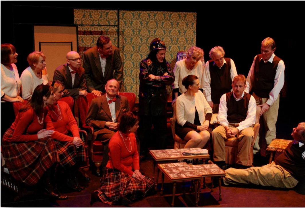
De Kale zangeres met de brandweerman uit 2009

En dat maakt de voorbereiding enorm speciaal. Repeteren op afstand in je eigen kamer en via de video samenspelen met alle spelers. Het heeft zo z'n beperkingen maar wel heel interessant om te ervaren wat er op afstand toch allemaal mogelijk is
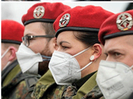
シュルツ首相とドイツ軍

長らく軍備に慎重だったドイツでも例外ではありません。攻防費を国民総生産(GDP)比2%以上(日本は1.25%)の2倍と大幅に引き上げ、1,000億ユーロ(日本円約13兆円)にすると表明しました。
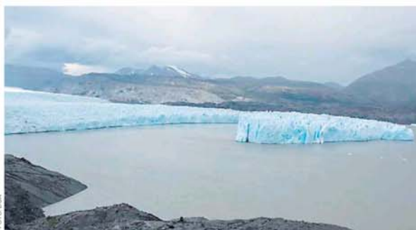
► Témpano que se generó en el glaciar Tyndall, también ocurrido en 2017.

Desde la DGA agregan que los glaciares con frentes terminales en Tierra del Fuego, y son más inestables que aquellos glaciares que terminan en tierra, los que se distribuyen principalmente en la zona norte y central de la cordillera Andina. ●
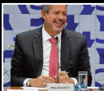
Deputado ficou furioso ao ser obrigado a usar tornozeleira eletrônica

Dossiê descobre quem é o "Queiroz" de Arthur Lira
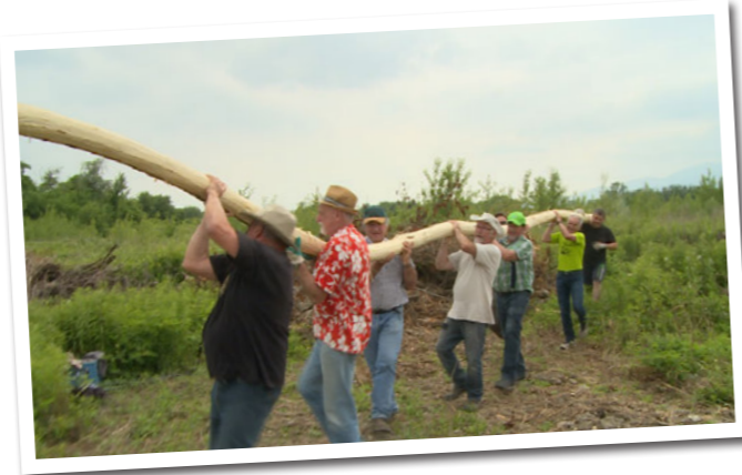
• Construction de la Maison des Natures et Cultures

Favorisé par la commune, cet Éco-hameau comprend neuf maisons et appartements. Réunis en société civile immobilière, les copropriétaires ont signé une charte, jointe à l'acte de vente du terrain. Elle reprend les dix principes dits de « Bedzed » ( www.fr.wikipedia.org/wiki/BedZED ), du nom d'un quartier du Sud de Londres totalement autonome du point de vue énergétique : zéro-carbone, zéro-déchet, construction passive, etc.
——————
Task to complete
Every last line above must be reproduced as written, and no pictures belong in the copy.

Output of the exercise
De Kale zangeres met de brandweerman uit 2009

En dat maakt de voorbereiding enorm speciaal. Repeteren op afstand in je eigen kamer en via de video samenspelen met alle spelers. Het heeft zo z'n beperkingen maar wel heel interessant om te ervaren wat er op afstand toch allemaal mogelijk is
シュルツ首相とドイツ軍

長らく軍備に慎重だったドイツでも例外ではありません。攻防費を国民総生産(GDP)比2%以上(日本は1.25%)の2倍と大幅に引き上げ、1,000億ユーロ(日本円約13兆円)にすると表明しました。
► Témpano que se generó en el glaciar Tyndall, también ocurrido en 2017.

Desde la DGA agregan que los glaciares con frentes terminales en Tierra del Fuego, y son más inestables que aquellos glaciares que terminan en tierra, los que se distribuyen principalmente en la zona norte y central de la cordillera Andina. ●
Deputado ficou furioso ao ser obrigado a usar tornozeleira eletrônica

Dossiê descobre quem é o "Queiroz" de Arthur Lira
• Construction de la Maison des Natures et Cultures

Favorisé par la commune, cet Éco-hameau comprend neuf maisons et appartements. Réunis en société civile immobilière, les copropriétaires ont signé une charte, jointe à l'acte de vente du terrain. Elle reprend les dix principes dits de « Bedzed » ( www.fr.wikipedia.org/wiki/BedZED ), du nom d'un quartier du Sud de Londres totalement autonome du point de vue énergétique : zéro-carbone, zéro-déchet, construction passive, etc.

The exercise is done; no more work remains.